15. Although what is sometimes referred to as Huntingtons kin-countries hypothesis is of less
interest to post-9/11 commentators, a previous version of this paper presented results on Arab-Muslim
attitudes toward the Muslim countries asked about in the survey as well (i.e., Iran, Pakistan, and
Turkey). Although deleted for reasons of space, these analyses are available from the authors, as are
analyses of non-Western, non-Muslim countries (China, India, Japan, and Russia).

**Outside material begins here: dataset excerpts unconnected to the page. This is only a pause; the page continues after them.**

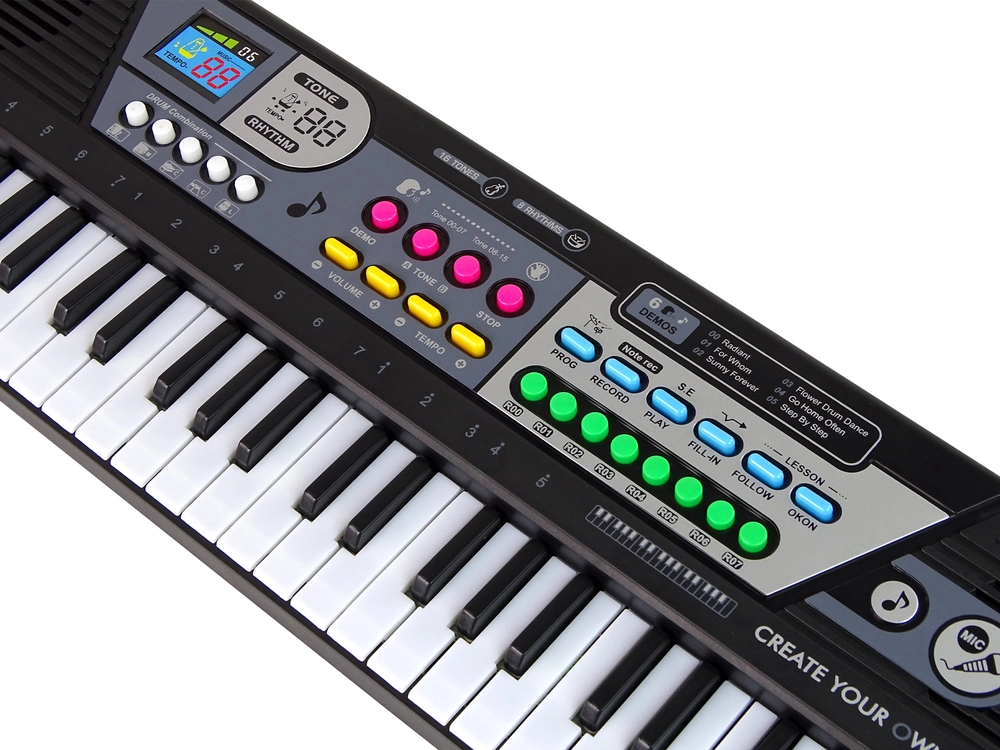 Ta tipkovnica ima kar 49 tipk, kar omogoča preprosto in naravno igranje. Vgrajeni mikrofon omogoča petje najljubših pesmi, kar bo zagotovo navdušilo otroke, ki želijo eksperimentirati z vokali. Gumbi so enostavni za upravljanje, ergonomska zasnova pa zagotavlja zelo udobno uporabo izdelka. Lahka konstrukcija omogoča prenašanje igrače in postavitev na mizo ali pisalno mizo, tako da lahko vaš otrok prireja nastope v katerem koli kotičku doma. Zunanji vhodni priključek omogoča poslušanje najljubših pesmi.
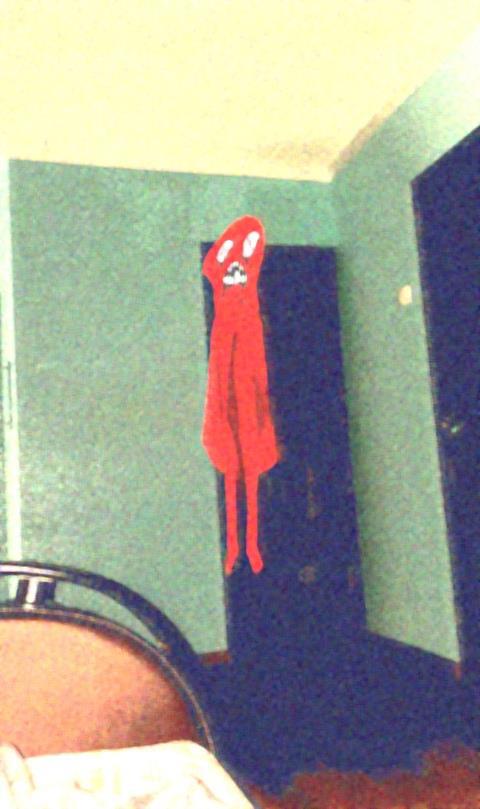 Халат-призрак, висящий на двери, олицетворяет страхи и тревоги, которые преследуют человека в моменты одиночества и тишины. Потолок и стены, окрашенные в мутные и неприятные цвета, создают ощущение нестабильности и дисбаланса.
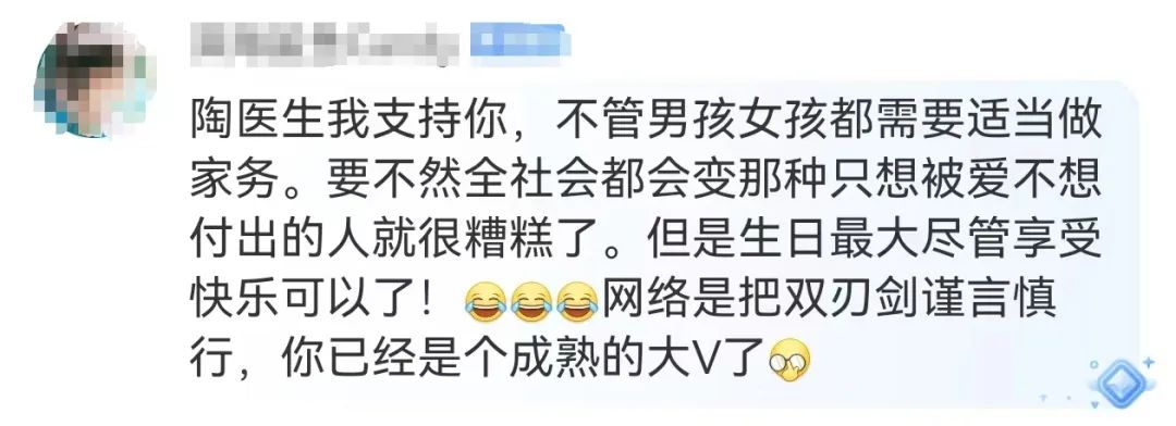 一部分網友認為(wei) 表達了對陶勇醫生的支持:“不管男孩女孩都需要適當做家務”“玉不琢不成器”。
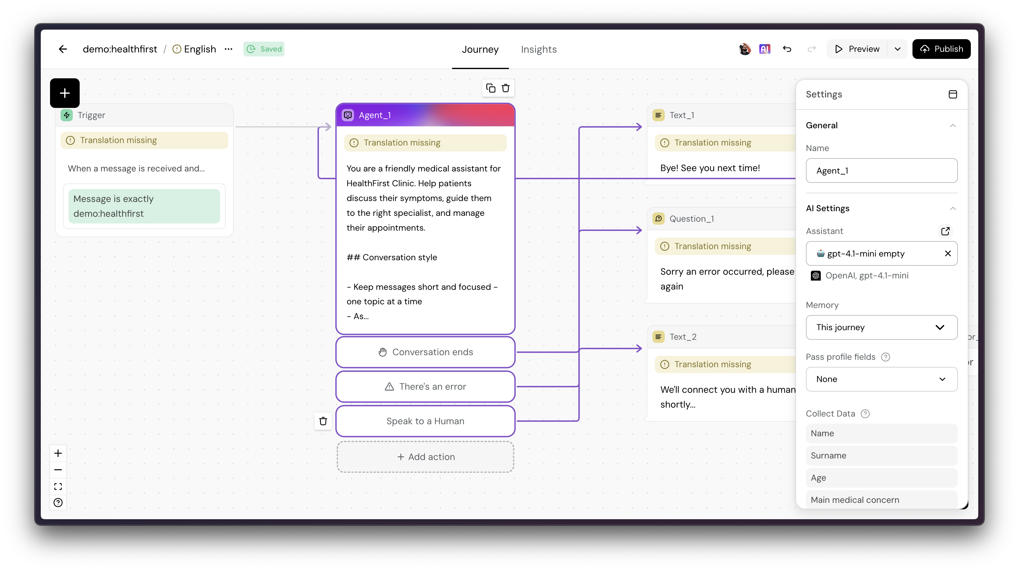 - Agentic workflows: connect multiple specialised Agents to each other (tip: if you're doing this, we recommend having a "router" agent that routes the user without replying, that all sub-agents connect to)
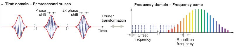 The upper diagram is pulses from mode-locked lasers in time domain. The lower diagram is the pulses in frequency domain. The spectral coverage and cavity modes are represented by colorful and broken blue lines respectively. The offset frequency δ is caused by the relative phase φ between envelope and carrier.
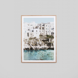 A stunning photographic print of an Italian coastal scene, framed behind glass in a Tasmanian oak frame.
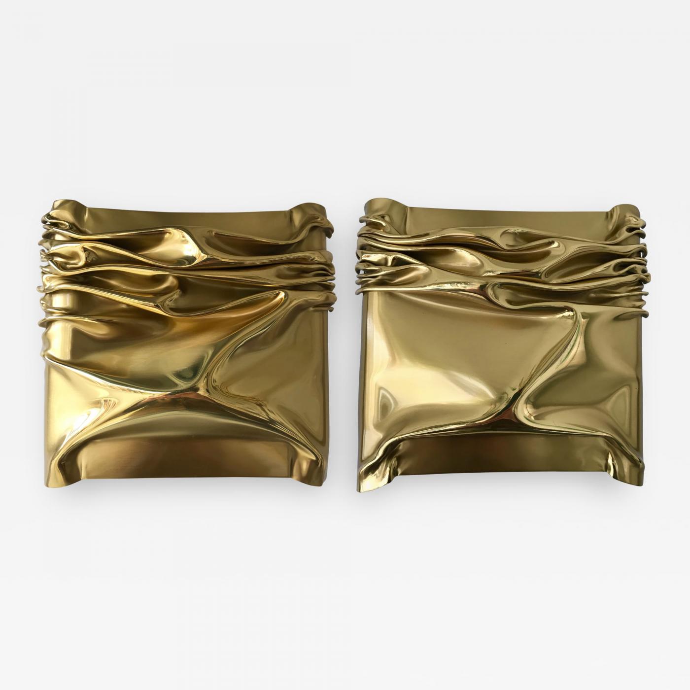 Pair of Brass Compression Sconces by Moniquet for Cheret Paris. France, 1970s
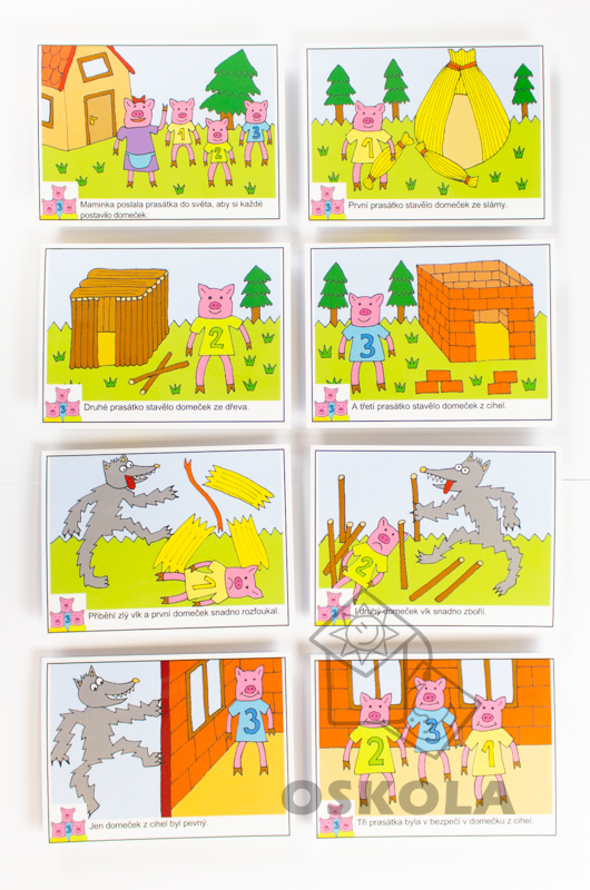 V sadě je celkem 6 pohádek, každá pohádka se skládá z osmi obrázkových kartiček, které jsou doplněny textem.
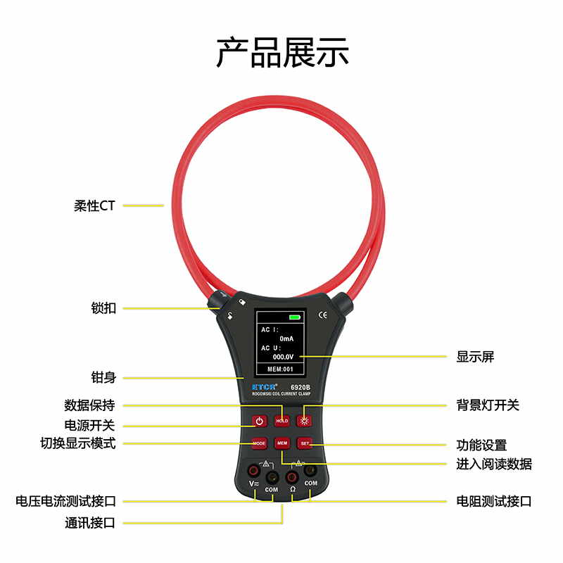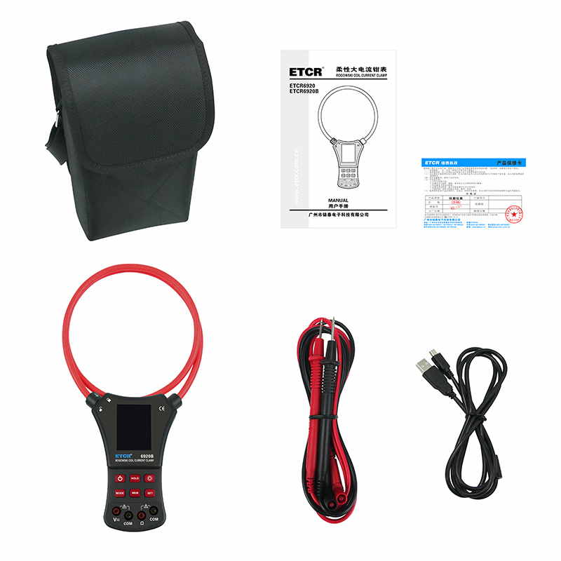 ETCR6920B柔性電流鉗表又名柔性線圈鉗表、超大電流鉗表、羅氏線圈電流鉗表、洛氏線圈電流鉗表,用于交流電流測(cè)試、電壓測(cè)試、電阻測(cè)試、通斷測(cè)試。柔性線圈無任何裸露金屬導(dǎo)體,體積小、重量輕、柔軟靈活,特別適合大尺寸導(dǎo)體、狹窄環(huán)境和排線密集的場(chǎng)所,可用于信號(hào)嚴(yán)重畸變的工業(yè)環(huán)境電流測(cè)試。廣泛適用于電力、通信、氣象、鐵路、油田、建筑、計(jì)量、科研教學(xué)單位、工礦企業(yè)等領(lǐng)域。
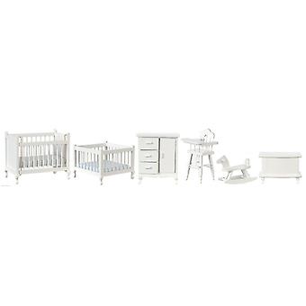 دمى البيت الأبيض أثاث الحضانة تعيين مصغرة 6 قطعة غرفة الطفل 1:12 مقياس
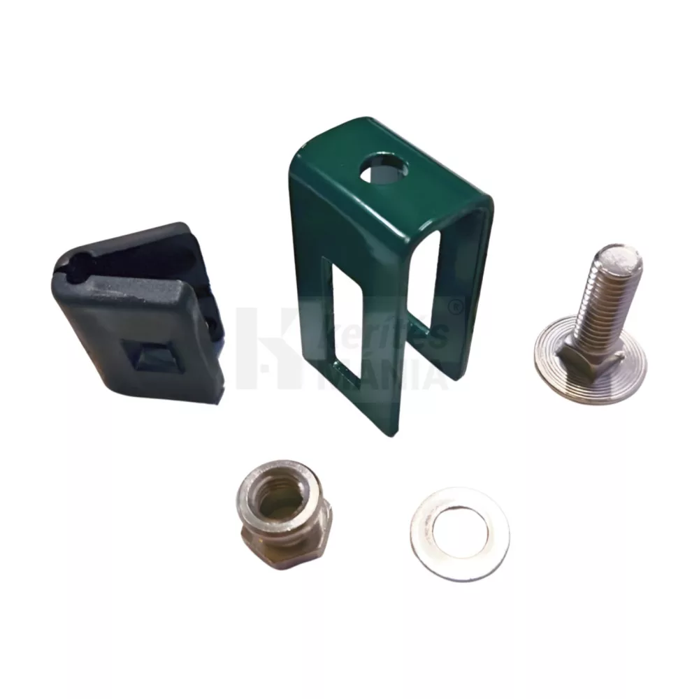 Zöld színű falra szerelhető táblarögzítő 3D és 2D kerítéstáblákhoz. Falba fúrható U‑patent bilincs, amely biztos rögzítést ad falra, betonra vagy fémre. Minden táblás kerítésrendszerrel kompatibilis.
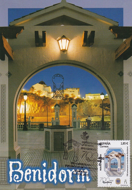 Hace unos días fue la presentación del sello de los 700 Años de la fundación de Benidorm, como me encontraba por allí y el la O.P. Correos les dejaron unos días el matasellos de presentación ha realizado este intento de máximas, aunque frote la postal no se ha estampado el matasellos correctamente.
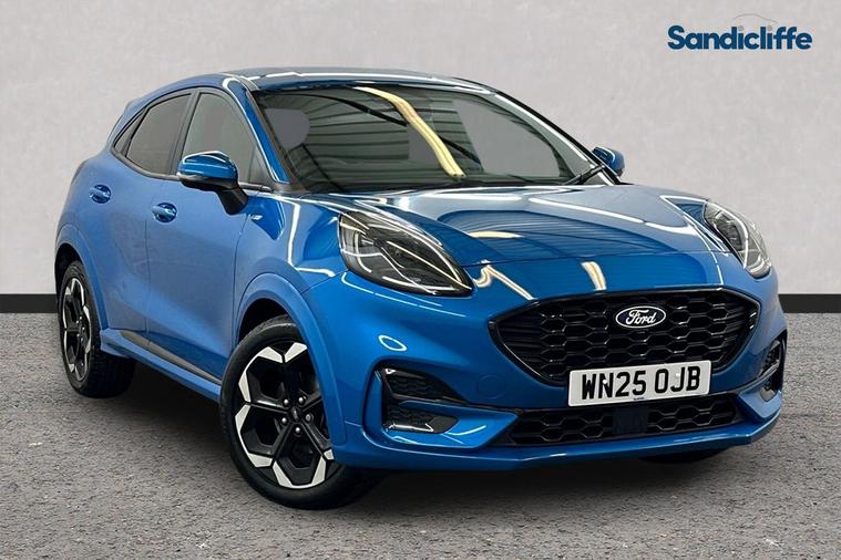 This 2025 Ford Puma ST-Line X is presented in exceptional condition, having had only one owner from new . This stylish compact SUV is powered by an efficient 1.0L Petrol Hybrid engine, meeting Euro 6 emission standards. It comes equipped with a helpful Rear View Camera and Rear Parking Sensors, complete with Parking Assistance, making manoeuvring a breeze. The striking LED Headlights with Daytime Running Lights ensure excellent visibility, while the Electronic Automatic Temperature Control provides a comfortable cabin environment. Inside, you'll find a sophisticated 12in Landscape Touchscreen Display offering seamless integration with Wireless Apple CarPlay and Android Auto. Enjoy an immersive audio experience with the Premium B&O Audio System featuring 10 speakers, all managed through Ford SYNC Navigation. Stay connected with FordPass Connect and Emergency Assist. The Ford Keyfree System allows for effortless Keyless Entry and starting with the Ford Power Starter Button. Performance is also a strong point, with an impressive 0-62mph acceleration time of just 8.7 seconds, demonstrating its dynamic capabilities compared to other vehicles in its class. At Sandicliffe, we’re proud to be a family-owned business that’s been supporting motorists across the East Midlands for over 75 years representing BYD, Ford, Mazda and MG. Our commitment to quality, care, and community means you can buy with complete confidence, our technicians are highly qualified ensuring that our vehicles are meticulously prepared and maintained. Additionally, we offer a minimum 6-month MOT for added assurance. This car is Located at our Loughborough site Derby Road Loughborough LE115HN
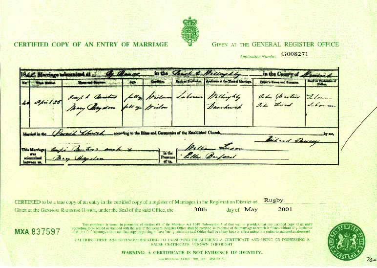 | BIRTH: | 7 January 1802 (christened) - Willoughby, Nr Rugby, Warwickshire |
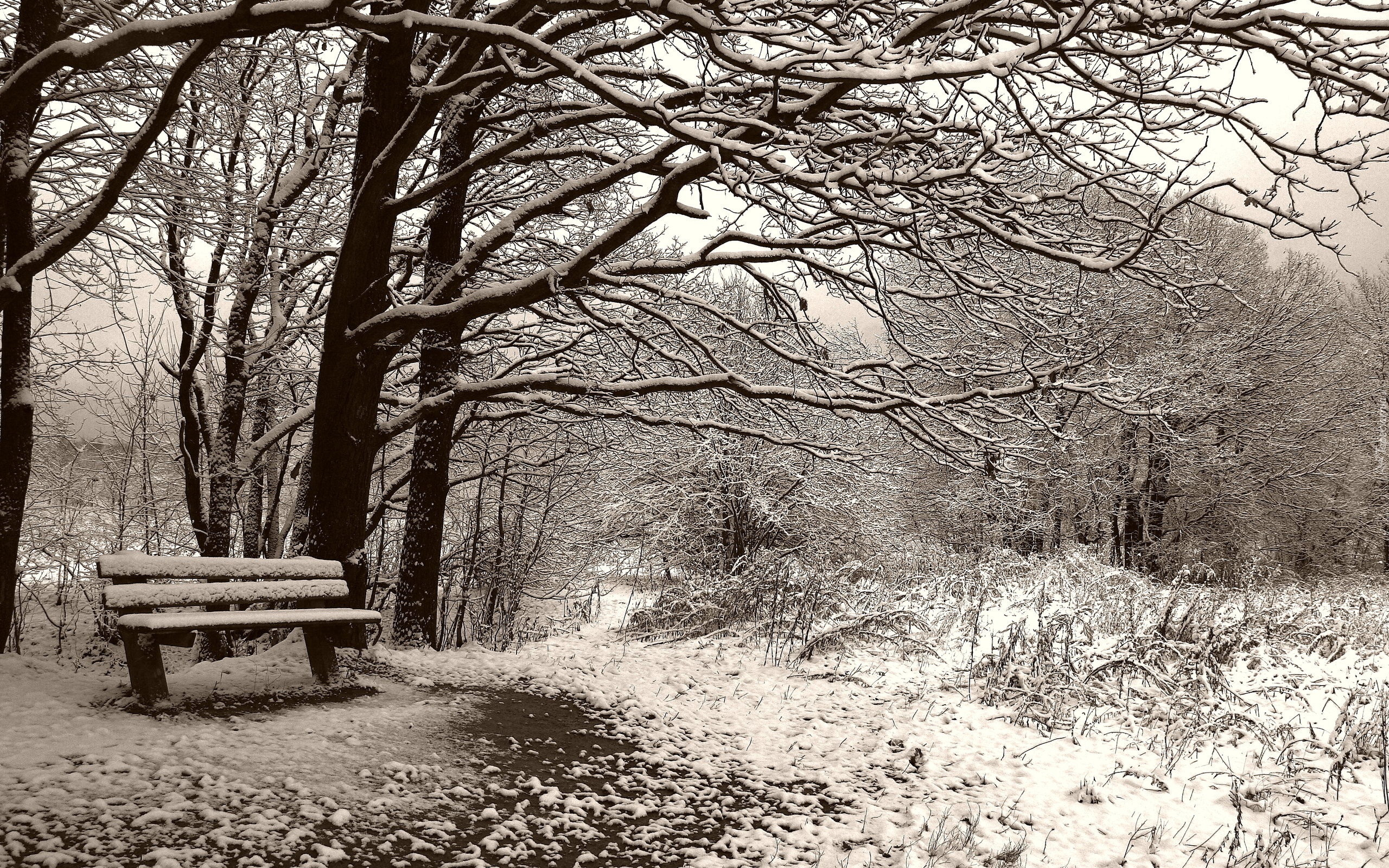 Edytor tapety: Ławka, Las, Śnieg, Mróz, Trawa

16. Rather than using Zogbys own (often quite substantial) weighting variables to adjust the
socio-demographics of the sample to national and regional norms, we analyze unweighted data and
introduce demographic controls directly into our analysis. We have also conducted subject country specific replications of each of our models (available from the authors) and confirmed that there are a.) few
significant differences between each of these country-specific samples and the pooled sample and b.) no
significant differences between the Egypt-specific results and the pooled sample. Given these various
checks, therefore, we do believe that our analysis is substantially representative of the views of Arab
Muslims in the Middle East.
17. Specifically, respondents were asked to answer the following question: I will read you a list
of countries. Please tell me if your overall impression of each is either: very favorable, somewhat favorable, somewhat unfavorable or very unfavorable, or if you are not familiar enough to form a judgment.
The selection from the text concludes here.